[Stored records]
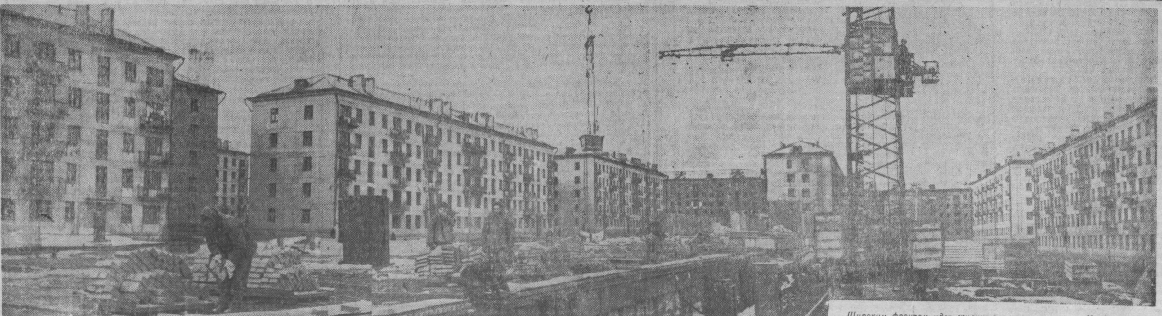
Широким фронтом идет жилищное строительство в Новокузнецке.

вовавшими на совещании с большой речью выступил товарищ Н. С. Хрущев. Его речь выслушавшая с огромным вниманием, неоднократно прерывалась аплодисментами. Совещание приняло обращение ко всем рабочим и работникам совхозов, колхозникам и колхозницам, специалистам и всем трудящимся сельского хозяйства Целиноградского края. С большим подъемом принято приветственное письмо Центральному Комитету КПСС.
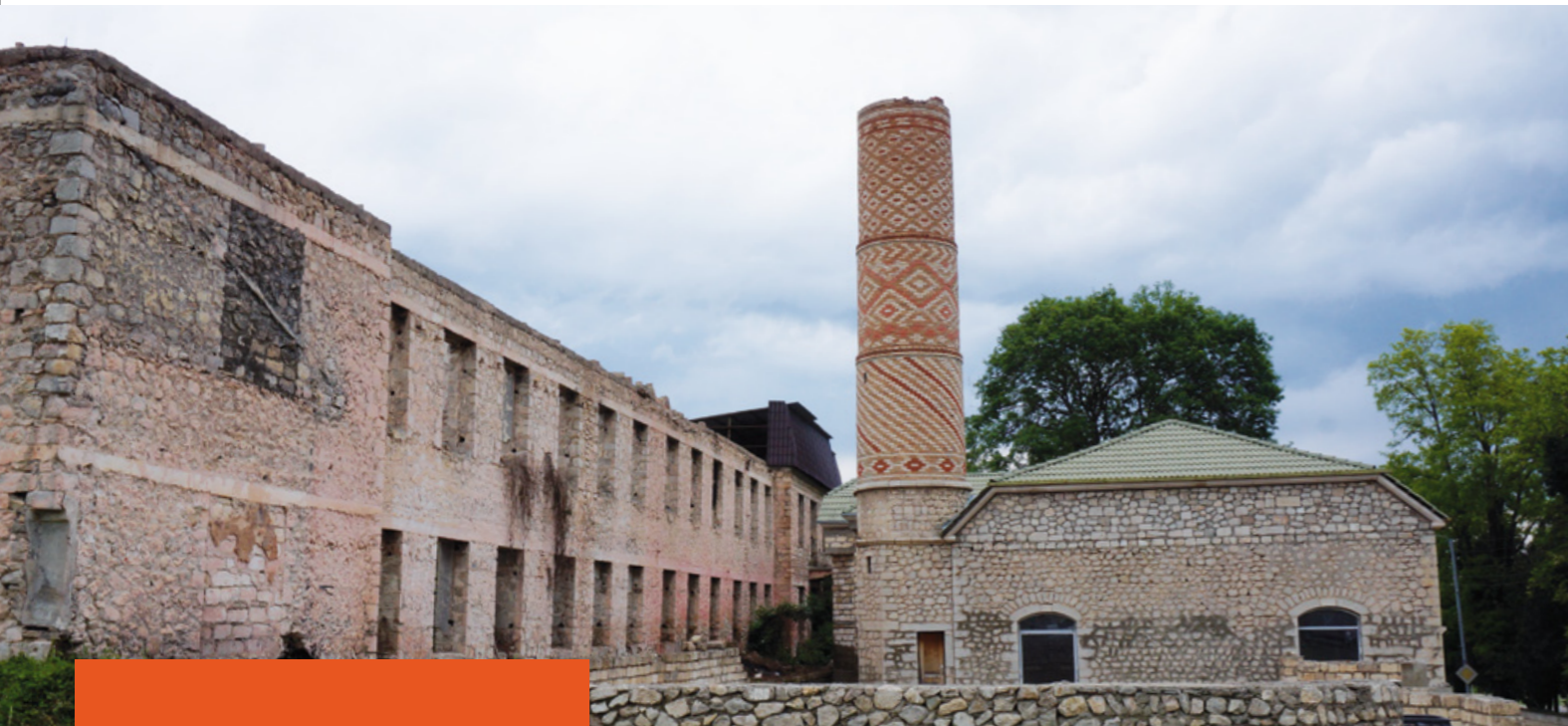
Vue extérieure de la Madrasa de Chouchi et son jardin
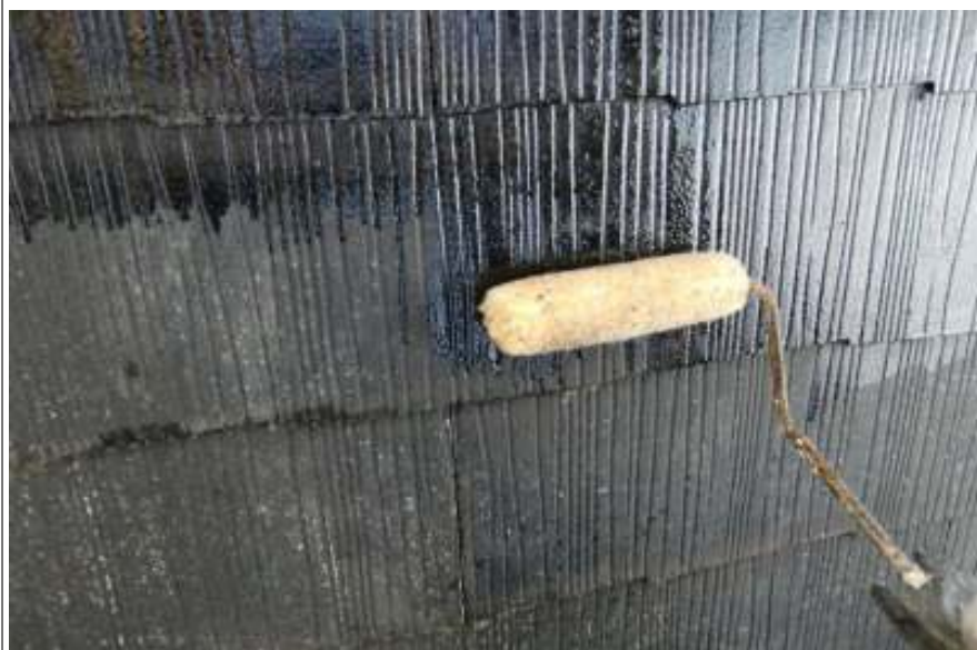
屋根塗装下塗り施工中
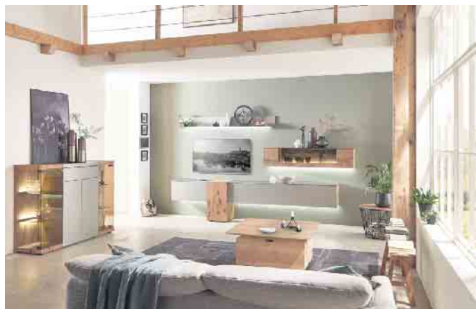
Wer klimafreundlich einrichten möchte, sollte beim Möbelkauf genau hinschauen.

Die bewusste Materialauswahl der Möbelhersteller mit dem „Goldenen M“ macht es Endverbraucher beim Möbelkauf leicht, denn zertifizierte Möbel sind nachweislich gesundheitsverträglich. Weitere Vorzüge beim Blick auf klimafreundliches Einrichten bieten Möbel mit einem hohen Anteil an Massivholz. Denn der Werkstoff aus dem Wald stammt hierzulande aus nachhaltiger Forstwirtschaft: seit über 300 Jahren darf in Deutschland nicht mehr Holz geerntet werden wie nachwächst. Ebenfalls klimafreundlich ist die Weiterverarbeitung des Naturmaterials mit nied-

--

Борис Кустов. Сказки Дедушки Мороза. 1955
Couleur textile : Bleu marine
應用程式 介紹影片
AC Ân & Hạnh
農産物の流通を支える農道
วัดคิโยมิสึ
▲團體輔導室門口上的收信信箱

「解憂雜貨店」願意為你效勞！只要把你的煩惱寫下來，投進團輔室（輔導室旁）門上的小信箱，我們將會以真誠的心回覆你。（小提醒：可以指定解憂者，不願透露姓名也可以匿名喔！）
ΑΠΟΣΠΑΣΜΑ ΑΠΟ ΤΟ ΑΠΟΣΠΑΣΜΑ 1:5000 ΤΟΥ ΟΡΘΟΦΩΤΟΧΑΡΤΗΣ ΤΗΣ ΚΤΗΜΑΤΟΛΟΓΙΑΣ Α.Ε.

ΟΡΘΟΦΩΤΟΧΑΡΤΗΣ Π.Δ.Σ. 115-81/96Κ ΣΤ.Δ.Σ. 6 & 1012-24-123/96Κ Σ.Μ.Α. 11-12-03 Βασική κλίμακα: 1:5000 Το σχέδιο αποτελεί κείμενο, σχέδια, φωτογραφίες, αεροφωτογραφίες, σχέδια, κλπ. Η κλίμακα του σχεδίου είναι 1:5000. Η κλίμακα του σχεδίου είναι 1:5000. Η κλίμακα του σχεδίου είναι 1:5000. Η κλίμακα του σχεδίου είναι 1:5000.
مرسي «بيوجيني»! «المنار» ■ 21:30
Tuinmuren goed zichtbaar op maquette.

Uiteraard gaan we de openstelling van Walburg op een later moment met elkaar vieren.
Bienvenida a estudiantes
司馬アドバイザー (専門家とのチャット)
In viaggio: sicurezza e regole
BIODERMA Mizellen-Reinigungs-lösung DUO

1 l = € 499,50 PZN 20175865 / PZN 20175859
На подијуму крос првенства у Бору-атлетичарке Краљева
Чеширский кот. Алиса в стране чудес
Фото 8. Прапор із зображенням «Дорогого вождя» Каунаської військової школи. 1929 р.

**What the task asks**
Here the output must be the lines above from the line with "Wer klimafreundlich einrichten" to the line with "Die bewusste Materialauswahl", both included, duplicated word for word and nothing else.

**Finished exercise**
Wer klimafreundlich einrichten möchte, sollte beim Möbelkauf genau hinschauen.

Die bewusste Materialauswahl der Möbelhersteller mit dem „Goldenen M“ macht es Endverbraucher beim Möbelkauf leicht, denn zertifizierte Möbel sind nachweislich gesundheitsverträglich. Weitere Vorzüge beim Blick auf klimafreundliches Einrichten bieten Möbel mit einem hohen Anteil an Massivholz. Denn der Werkstoff aus dem Wald stammt hierzulande aus nachhaltiger Forstwirtschaft: seit über 300 Jahren darf in Deutschland nicht mehr Holz geerntet werden wie nachwächst. Ebenfalls klimafreundlich ist die Weiterverarbeitung des Naturmaterials mit nied-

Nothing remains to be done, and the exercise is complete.